Please help to answer the two questions about this, thank you

stotko / stdgpu

stdgpu: Efficient STL-like Data Structures on the GPU

https://stotko.github.io/stdgpu/

Apache License 2.0

1.16k stars 83 forks source link

Please help to answer the two questions about this, thank you #413

Closed wangshuxihe00 closed 7 months ago

wangshuxihe00 commented 7 months ago

1.When I want to use other containers (e.g., list, array), do I need to implement one myself? 2.The hip version of the example does not have the use of container classes, is it supported?

stotko commented 7 months ago

1.When I want to use other containers (e.g., list, array), do I need to implement one myself?

Some containers are not implemented because their design is highly non-trivial to correctly implement for parallel GPU execution. For instance, map/set, i.e. the ordered versions, implicitly require sorting and maintaining that sorted state across all threads. array on the other hand should be quite straightforward to implement as its size is fixed at compile time.

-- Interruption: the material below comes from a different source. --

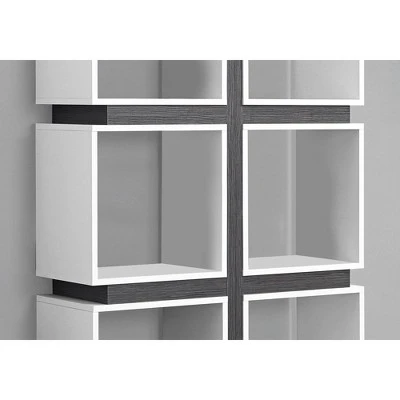 Give your home a modern art-deco look with this 8 cubic shelf bookcase. This perfectly symmetrical bookcase has 8 cubic spaces to showcase all your collectibles. With an open back, this piece can also be used as a room divider. Featuring a gray cedar finish and white thick paneled shelves, this unit will be the focal point of any room.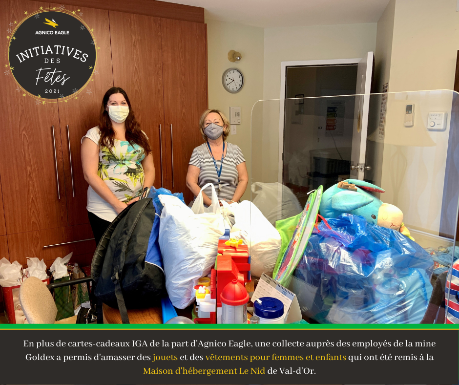 Enfin, une initiative en trois volets propres à Goldex fut mise en œuvre pour aider les plus vulnérables grâce à la générosité de ses employés. Le premier a pris la forme d’une collecte de vêtements, de jouets et de produits d’hygiène pour la Maison d’hébergement Le Nid de Val-d’Or afin d’égayer la période des Fêtes des femmes victimes de violence conjugale ainsi que leurs enfants. Le deuxième consiste en une collecte de manteaux, bottes et accessoires d’hiver qui ont été remis à La Piaule de Val-d’Or afin d’être redistribués à des personnes en situation d’itinérance. Le besoin pour La Piaule était tel qu’Agnico Eagle et les Nettoyeurs sigma ont remis plus d’une quarantaine de manteaux d’hiver neufs à l’organisme provenant de leur inventaire d’articles promotionnels. Finalement, parce que tout le monde mérite une petite douceur pendant le temps des Fêtes, un brunch de Noël a été offert par Goldex aux usagers de La Piaule de Val-d’Or.

2.The hip version of the example does not have the use of container classes, is it supported?

HIP support is still considered experimental in general, but should work fine as the respective backend code is very similar to the CUDA one. During streamlining the HIP backend in the past, I updated the tests but simply forgot to add the respective examples.

wangshuxihe00 commented 7 months ago

Are you saying that ordered versions of maps/sets cannot maintain their characteristics when executed in parallel on gpu, so they are difficult to implement?

stotko commented 7 months ago

Not exactly. Implementing the characteristic that a map/set remains sorted within a kernel after a thread inserted/erased a value - while at the same time other threads are attempting to also do so with different values - is challenging, especially as these operations should be as fast as possible. Here, a lot of things have to be considered in terms of synchronization. I believe that this is definitely possible. But given that the unordered version is often sufficient and also faster for many applications, the ordered version received less attention and has not been implemented yet.

wangshuxihe00 commented 7 months ago

I see. Thank you

stotko commented 7 months ago

Closing this issue as the questions have been answered. If there are further issues, feel free to ask again.